Palaeogenomic dataset

DNA extracts were obtained from teeth (n = 10) and petrous bones (n = 13) and converted into multiple single-stranded non-uracil-DNA-glycosylase (UDG) treated libraries. All samples were sequenced after enriching for approximately 1,240,000 single-nucleotide polymorphisms (SNPs). For high-quality low-coverage samples reporting between 100,000 and 300,000 SNPs (GMO001, GMO009, GMO010, and GMO012), a second round of enrichment was performed on partial-UDG-treated libraries using the Twist capture protocol25 to increase SNP coverage and ensure robust performance in population genetic analyses. Palaeogenomic data were successfully generated for 14 individuals (see Table 1 and Supplementary Data 2). Nine ultra-low coverage samples (between 1000 and 10,000 SNPs) were only evaluated for sex and kinship relationships. Among the high-quality genomes (>100,000 SNPs), two were directly radiocarbon dated specifically for this study (GMO005 and GMO007), extending to 12 the number of direct dates available for the entire site (Supplementary Table 1 and Supplementary Note 1). Average fragment length and median rate of cytosine-to-thymine damage at the terminal nucleotides of the reads were consistent with the age of all samples, and no patterns of contamination were found at the nuclear or mitochondrial level for samples that passed the threshold for quality, except the male individual GMO009, for which we estimated 12% contamination on the X-chromosome (Supplementary Data 35). After retaining only post-mortem damaged (PMD) reads, we performed comparative principal component analysis (PCA) and excluded further contamination for the filtered sample GMO009, which was incorporated in subsequent steps (Supplementary Note 4 and Supplementary Fig. 3). For PCA, samples with less than 20,000 SNPs were filtered, whereas for subsequent population genetic analysis, individuals that were genetically related or of low coverage (<100,000 SNPs covered) were excluded.

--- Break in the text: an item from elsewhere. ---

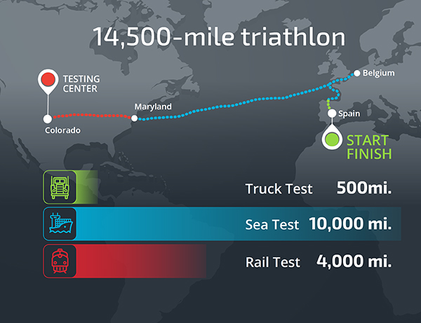 The triathlon is actually Sandia’s fourth test to measure routine transportation strains.

Table 1 Summary statistics for the palaeogenomic dataset from Grotta della MonacaCommunity structure and parent-offspring union

We combined genomic data and archaeological information to investigate the spatial organization of the burial ground. Based on pairwise mismatch rate calculation, three samples originate from the same individual (Methods, Fig. 2a and Supplementary Data 6). Hence, we merged these data into a single genetic profile, GMO006, yielding more than 690,000 SNPs. Genetic sexing identified ten females and eight males among the sparse skeletal material in the cavity. Due to low coverage, we could not reconstruct genetic sex for individuals GMO014 and GMO016, and attribution for individual GMO017 was considered unreliable. Notably, except for one adult male (GMO022), all individuals from burial area m5v (n = 10) were either adult females or juvenile-to-infant subjects. The analysis of uniparentally inherited markers displays a heterogeneous picture for the funerary ground (Supplementary Data 7, 8). Among the 13 individuals with sufficient coverage for assigning haplogroups, we identified 12 distinct mitochondrial haplotypes, with only the adult male GMO022 and the infant male GMO015 sharing identical haplotypes from the mitochondrial haplogroup H1e (private mutations A6779G, T16127C, T16224C and T16519C). In contrast, the Y-chromosome haplotypes were slightly more homogenous, with four different haplogroups reconstructed from the six male individuals analysed. Two of these (GMO009 and GMO015) belong to a sub-branch of haplogroup R1b, with private mutations leading to the R1b1b and R1b1a1b haplotypes, respectively, while individuals GMO007 and GMO022 share the H2~ Y-chromosome lineage (Supplementary Note 3).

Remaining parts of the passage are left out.